CRISPR screening combined with HNRNPH1 antibody-based detection could identify genetic dependencies related to HNRNPH1 function in cancer cells. After CRISPR library infection, high-content imaging using fluorescently-labeled HNRNPH1 antibody could identify genes whose knockout alters HNRNPH1 expression, localization, or interaction patterns.
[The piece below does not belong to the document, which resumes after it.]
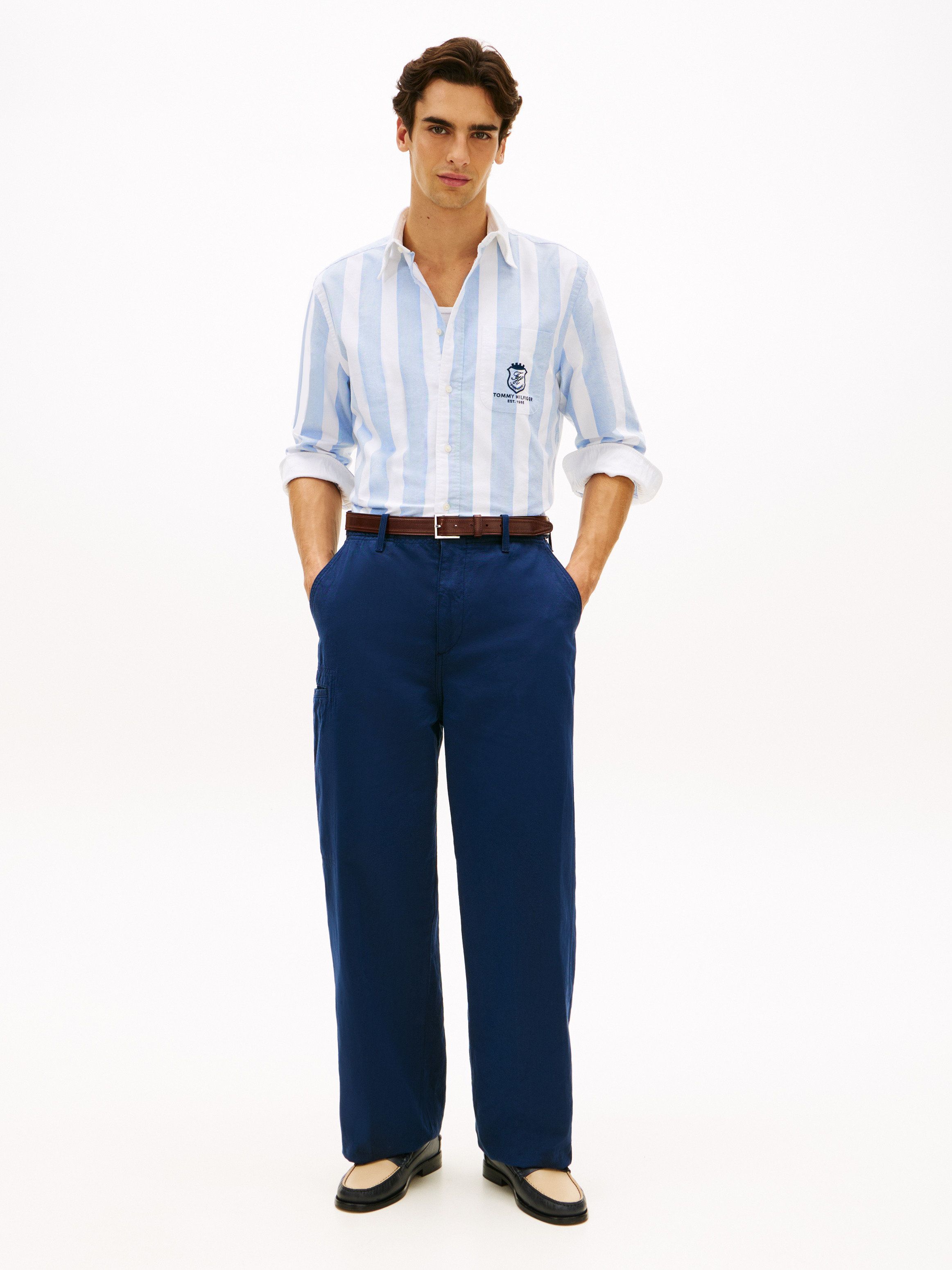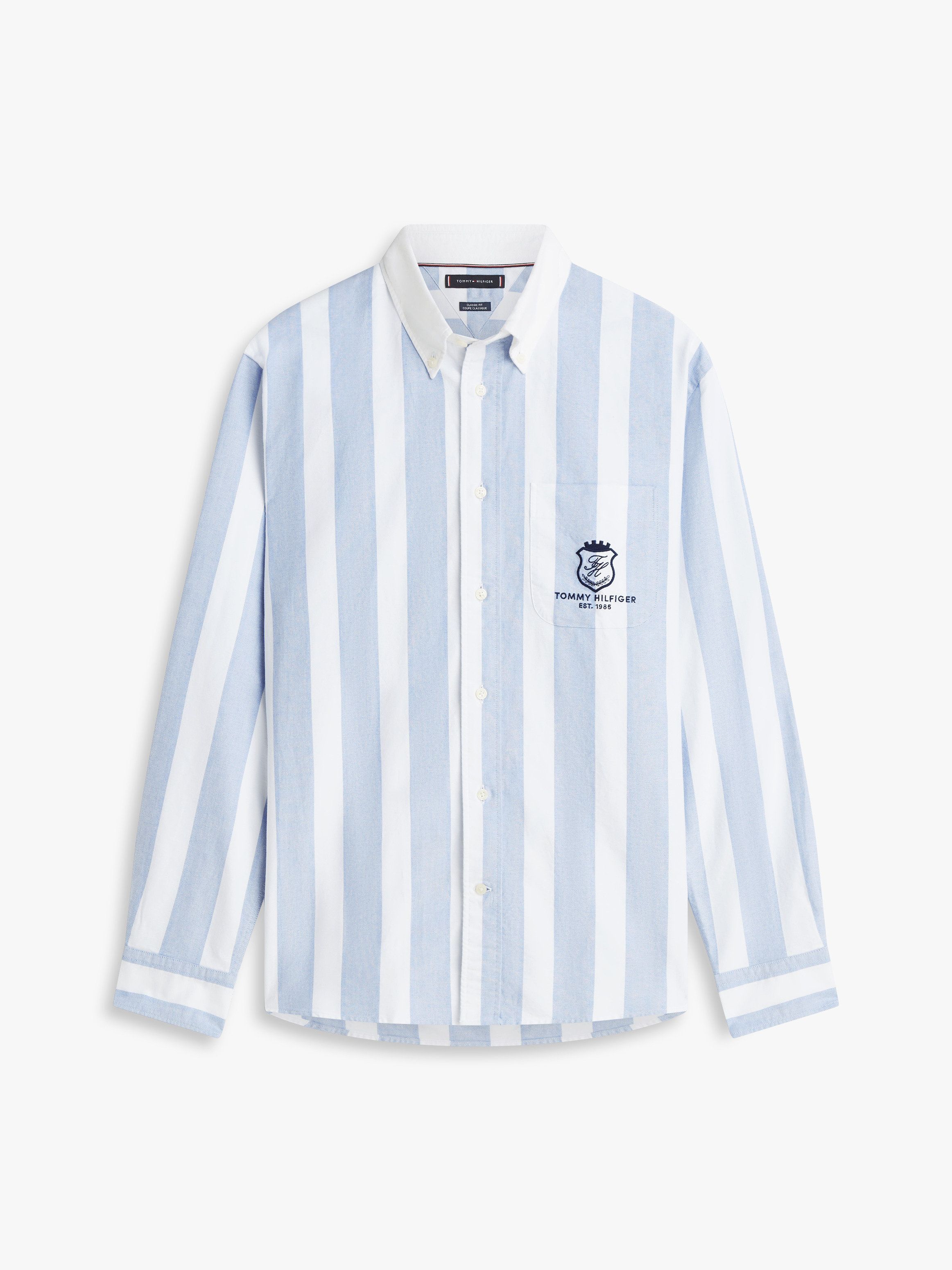 • Pure Oxford cotton • Yarn dyed • Button-down collar • One chest patch pocket • Rounded one-button cuffs • Box pleat on back • Shirttail hem • TH crest embroidery on pocket • Tommy Hilfiger branding • Tommy Hilfiger flag embroidery on cuff

Spatial transcriptomics paired with HNRNPH1 immunofluorescence could correlate HNRNPH1 protein expression with local transcriptional programs in tumor sections. This integrated approach would provide insights into how HNRNPH1's RNA processing functions shape the transcriptional landscape within specific tumor regions.
Liquid biopsy applications might utilize HNRNPH1 antibody to detect cancer-derived extracellular vesicles (EVs). If HNRNPH1 is packaged into cancer-derived EVs, immunocapture using the antibody followed by molecular profiling could provide minimally invasive biomarkers for cancers where HNRNPH1 plays a significant role.
Patient-derived organoid models could be characterized for HNRNPH1 expression using the antibody, then subjected to functional studies through genetic manipulation or drug treatment. This approach would bridge the gap between cell line research and clinical applications, potentially identifying patient subgroups likely to benefit from therapies targeting HNRNPH1-dependent pathways.